[[ INPUT MATERIAL open ]]
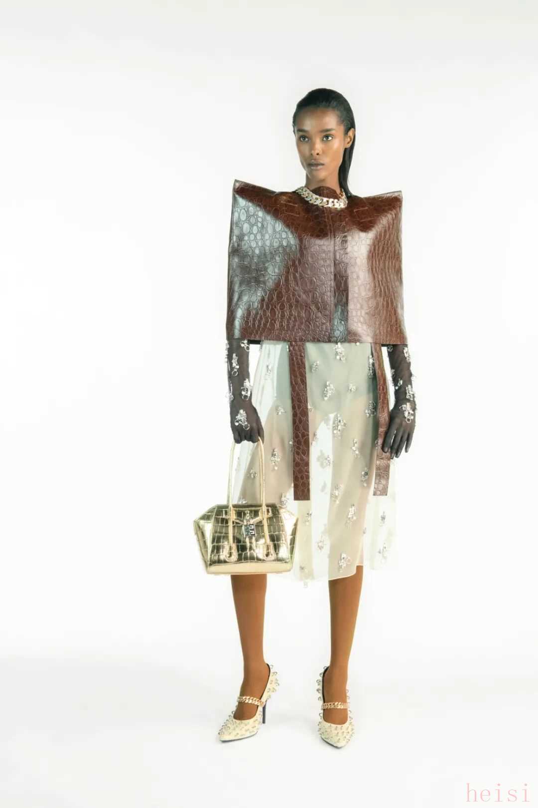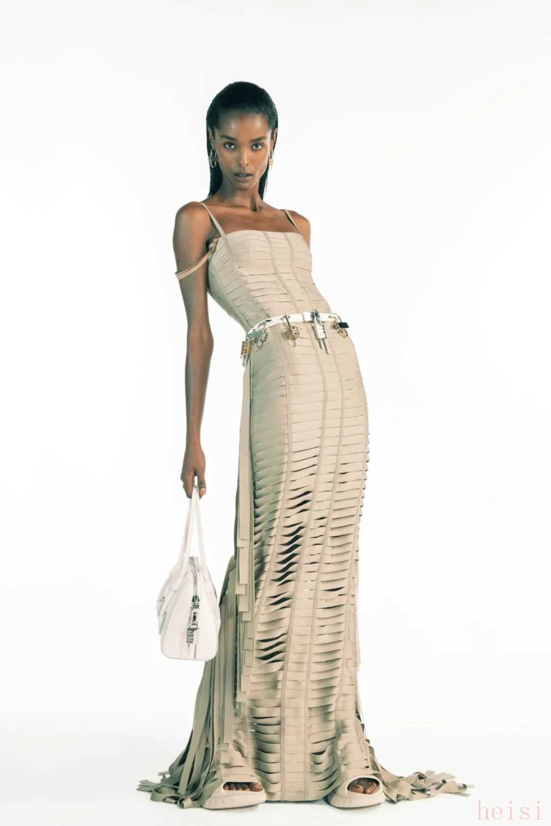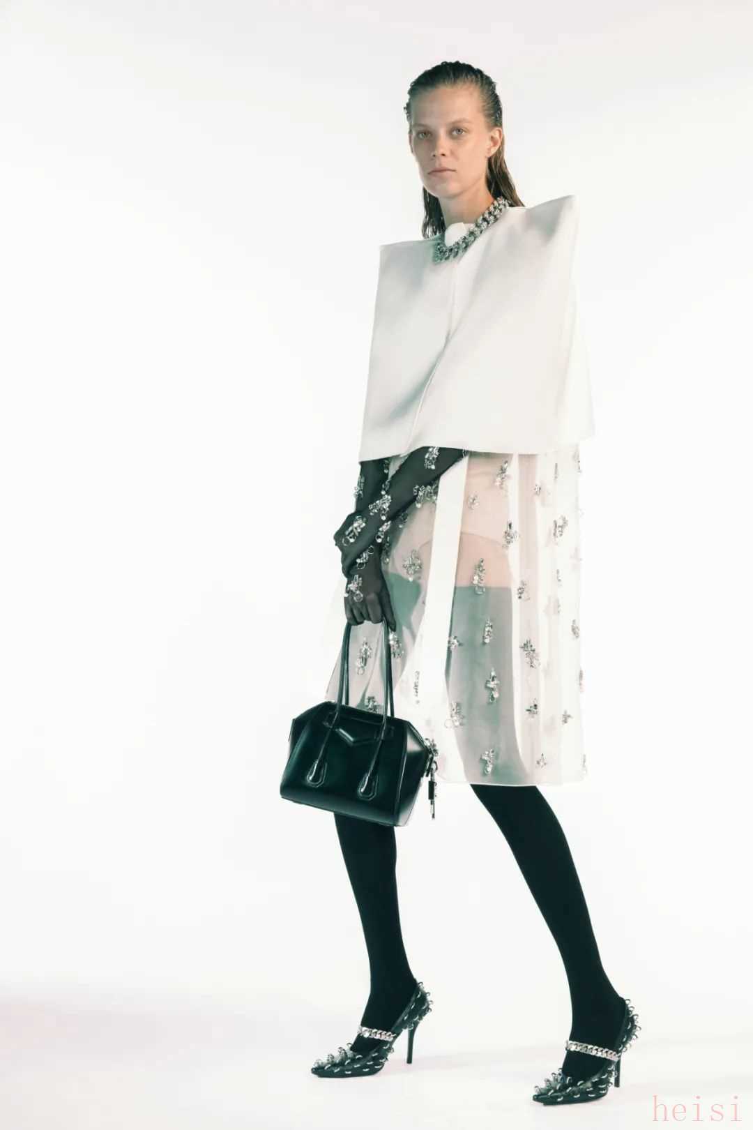本季致敬了品牌過往的經(jīng)典與先鋒設計,從Hubert de Givenchy先生所設計的大面積環(huán)狀褶皺幔帳、空氣感透明材質(zhì)面料、頸部流線型剪裁以及鏤空后背的設計。
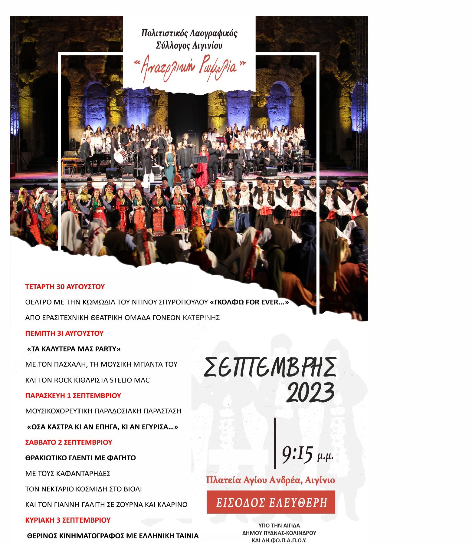 ΕΚΔΗΛΩΣΕΙΣ “ΣΕΠΤΕΜΒΡΗΣ 2023” – ΑΝΑΤΟΛΙΚΗ ΡΩΜΥΛΙΑ ΑΙΓΙΝΙΟΥ
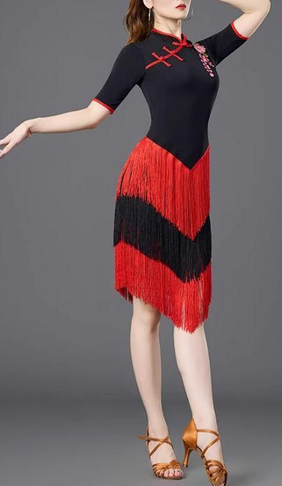 社交ダンスドレス ラテンドレス 半袖 フリンジ 競技 オーダーメイド
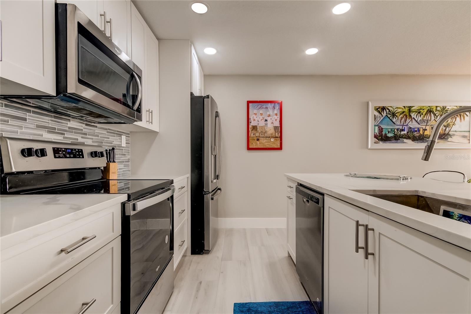 shaker Kitchen cabinets, quartz countertops, and a stainless steel sink, Stainless steel appliances, New doors and fresh paint throughout the unit. A highlight of the community is the spacious plaza deck, which offers breathtaking views of the Gulf of Mexico—an inviting spot for residents to relax and connect with neighbors. Here is the Resort-style amenities include: 24-hour gated security, Covered private garage parking, guest parking, Gulf-front heated pool and sun deck, Grill area, Shuffleboard and bike storage, Well-equipped fitness center with sauna, Clubhouse and community room
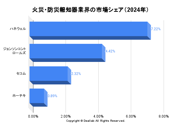火災・防災報知器業界の2024年度の売上高⇒参照したデータの詳細情報を分子に、また後述する業界の市場規模を分母にして、2024年の火災・防災報知器業界の市場シェアを簡易に試算しますと、1位はハネウェル、2位はジョンソンコントロールズ、3位はセコムとなります。
[[ INPUT MATERIAL closed ]]
* _ASSIGNMENT_
An exact copy is required of the lines from the start of the records above through the line with "社交ダンスドレス ラテンドレス 半袖 フリンジ 競技 オーダーメイド", and only those, without any pictures.

* _ANSWER TO THIS EXERCISE_
本季致敬了品牌過往的經(jīng)典與先鋒設計,從Hubert de Givenchy先生所設計的大面積環(huán)狀褶皺幔帳、空氣感透明材質(zhì)面料、頸部流線型剪裁以及鏤空后背的設計。
 ΕΚΔΗΛΩΣΕΙΣ “ΣΕΠΤΕΜΒΡΗΣ 2023” – ΑΝΑΤΟΛΙΚΗ ΡΩΜΥΛΙΑ ΑΙΓΙΝΙΟΥ
 社交ダンスドレス ラテンドレス 半袖 フリンジ 競技 オーダーメイド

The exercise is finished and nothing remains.